- USD/CAD Price Forecast: downside favored below 100-DMA (1.2589)
- Bank of Canada rate hike expectations close to 90%. Failure to hike could bring volatility
- Sentiment Highlight: net-bullish bias in retail positioning provides ST bearish outlook
After recently trading at the highest level in three months, the Canadian Dollar is falling back ahead of a Bank of Canada rate meeting on January 17 that could lead to the next big move in FX markets. The latest boost for the Canadian Dollar came from a blockbuster jobs report that dropped the unemployment rate from 6.0% to 5.7% and saw a 78.6k increase in net employment against 2k expected.
The combination of positive CA employment data against the backdrop of disappointing US employment data took the USD/CAD pair to 1.2356, and has since rebounded, but remains below multiple levels of resistance that keep the focus lower.
Bank of Canada’s Great Rate Expectations
After the incredible jump in Canadian employment on January 5, the expectations for a January 17 rate hike jumped from ~40% to nearly 90% by the Bank of Canada. The jump in hike expectations also lifted the CA 2-year yield and reduced the premium that US 2-year yields held over CA 2-year yields. The yield relationship between the sovereign front-end debt has been a key driver and explanatory factor in USD/CAD spot rate.

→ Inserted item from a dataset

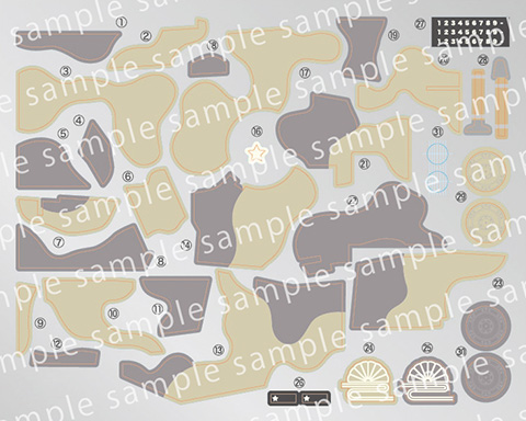 枯草色と土地色の迷彩を再現できるカット済みのリアルシールが付属。

Now, the key thing traders should watch for is either a no-hike, which would see the CAD rate drop aggressively or a dovish hike, were as the Bank of Canada discourages confidence in multiple hikes. Either no-hike scenario would be a significant development in USD/CAD rate. However, should the rate hike come as expected, traders should look for relatively weak currencies to sell against the Canadian Dollar that could remain strong.
USD/CAD Chart: Looking Heavy below Key Resistance
The breakout level that could indicate the amount of selling was overdone and a USD rally is on its way would be a break above 1.2630-1.2705. This 75-pip range includes a large range of technical significance that includes the 50% retracement of the H2 2017 to the current 2018 low after the impressive Canadian employment report at 1.2351. The bottom of the range also includes the 20- & 100-DMA whereas the top of the range would mark the 61.8% retracement of the same range.
Should the price continue to find a ceiling of resistance in the 1.2630/2705 range, a breakdown below 1.2350 would anticipate a move toward the 2017 low of 1.2061. A close above the 1.2630/2705 range would materially alter the immediately bearish technical forecast.
Chart created by Tyler Yell, CMT. Tweet @ForexYell for comments, questions
Valuable Insight from IG Client Positioning for USD/CAD: Retail buying favors further weakness
We typically take a contrarian view to crowd sentiment, and the fact traders are net-long suggests USDCAD prices may continue to fall. Positioning is more net-long than yesterday but less net-long from last week. The combination of current sentiment and recent changes gives us a further mixed USDCAD trading bias.